Effective Context Engineering for AI Agents
Source: anthropic.com/engineering/effective-context-engineering-for-ai-agents
- Context rot is real. Model accuracy declines as context grows. Treat context as a finite resource regardless of window size.
- System prompt altitude: avoid overly rigid (hardcoded conditional logic) and overly vague. Use XML tags or Markdown headers to structure prompts. Start minimal, iterate based on failure modes.
- If engineers can't decide which tool applies, agents won't either. Overlapping tools waste tokens and cause confusion.
- Just-in-time context loading: store lightweight identifiers (file paths, queries, links) rather than full objects. Agents retrieve context dynamically during execution.
- Hybrid retrieval: combine upfront loading (CLAUDE.md at start) with autonomous exploration (grep/glob at runtime).
- Compaction: summarize conversation history before limits hit. Maximize recall first, then iterate for precision.
- Agentic memory: maintain persistent external files consulted across context resets for multi-hour task progress and architectural decisions.
- Sub-agent architecture for context efficiency: specialized agents handle focused tasks with clean windows, return condensed 1,000-2,000 token summaries.
- Anti-patterns: assuming LLMs handle long contexts efficiently, pre-loading all potential data upfront, overly aggressive compaction causing information loss.
Multi-Agent Research System
Source: anthropic.com/engineering/multi-agent-research-system
- Multi-agent (Opus lead + Sonnet subagents) outperformed single-agent Opus by 90.2% on research tasks. Parallelism reduces research time by up to 90%.
- Token economics: multi-agent uses ~15x more tokens than chat; single agents use ~4x.
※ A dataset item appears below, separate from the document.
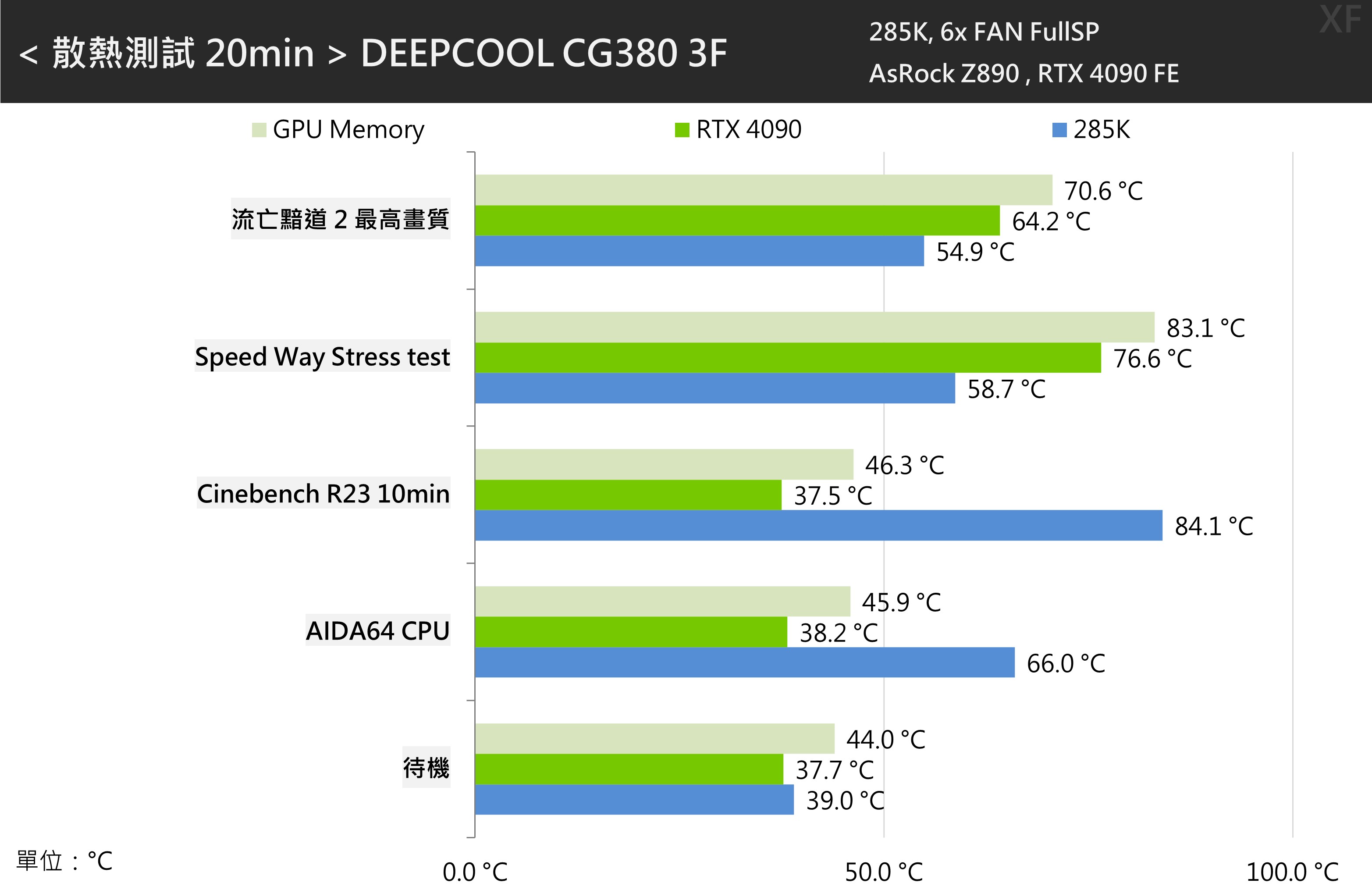 測試使用了 Intel Ultra Core 285K處理器搭配AsRock z890主機板,顯示卡則是公版的 RTX 4090,在Windows 11的環境下測試,處理器使用預設設定並將風扇調為全速,並使用HWiNFO紀錄二十分鐘的平均溫度。
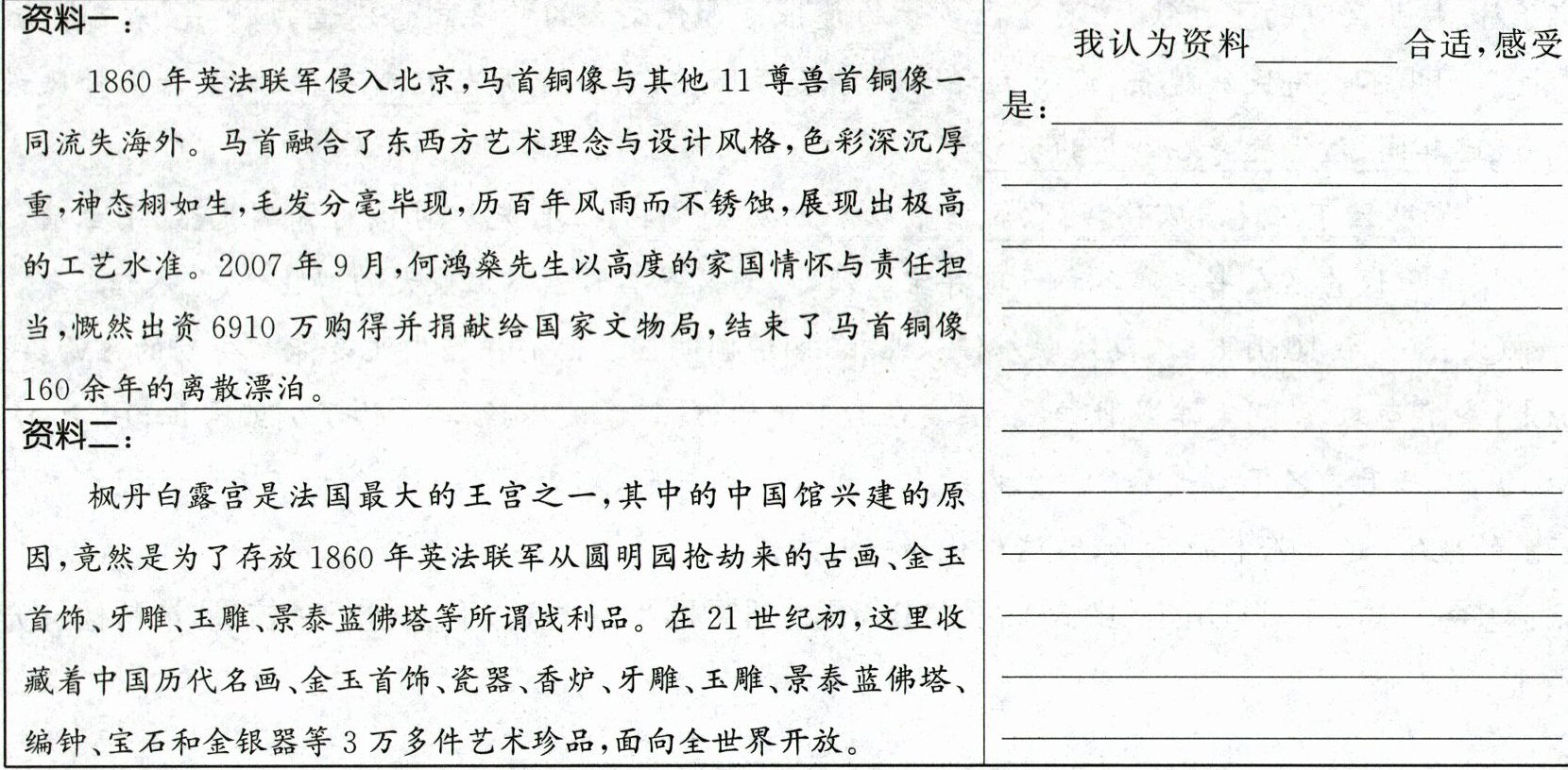 5. 雨果曾经在书信中写下:“法兰西帝国侵吞了一半宝物,现在,它居然无耻到这样的地步,还以所有者的身份把圆明园的这些美轮美奂的古代文物拿出来公开展览。”为了印证这一事实,小睿搜集到了以下两份资料,你觉得哪份资料合适?“少年强则国强”,作为当代中国少年,请在右侧写下你读完资料后的感受。(4分)

High-value tasks required to justify cost.
- Think like your agents: build simulations with exact prompts and tools to observe failure modes step-by-step.
- Teach delegation: give subagents clear objectives, output formats, tool guidance, and task boundaries. Vague instructions cause duplicate work and missed information.
- Scale effort to complexity: simple fact-finding uses 1 agent with 3-10 calls; complex research uses 10+ subagents.
- Start wide, then narrow: begin with broad queries, evaluate, progressively narrow. Mirrors expert human research.
- Parallel execution targets: 3-5 subagents in parallel, 3+ parallel tool calls per subagent.
- Anti-patterns: spawning excessive subagents for simple queries, overly verbose search queries, pursuing nonexistent information indefinitely.
Measuring Agent Autonomy
Source: anthropic.com/research/measuring-agent-autonomy
- Claude Code's longest sessions nearly doubled from under 25 minutes to over 45 minutes between October 2025 and January 2026.
- Deployment overhang: METR estimates Claude can handle 5-hour tasks at 50% success. Actual median session is 45 seconds. Users underutilize the model's capability.
- New users auto-approve ~20% of the time; experienced users reach 40%+. But experienced users also interrupt more often (5% to 9% of turns), shifting from approving everything to strategic monitoring and intervention.
- Agents self-limit more than users do: agents ask for clarification more than twice as often on complex tasks compared to human interruptions.
- Mandating exhaustive pre-approval workflows is counterproductive. Experienced users develop better instincts through monitoring.
- 80% of tool calls have safeguards; 73% involve human oversight; only 0.8% are irreversible actions.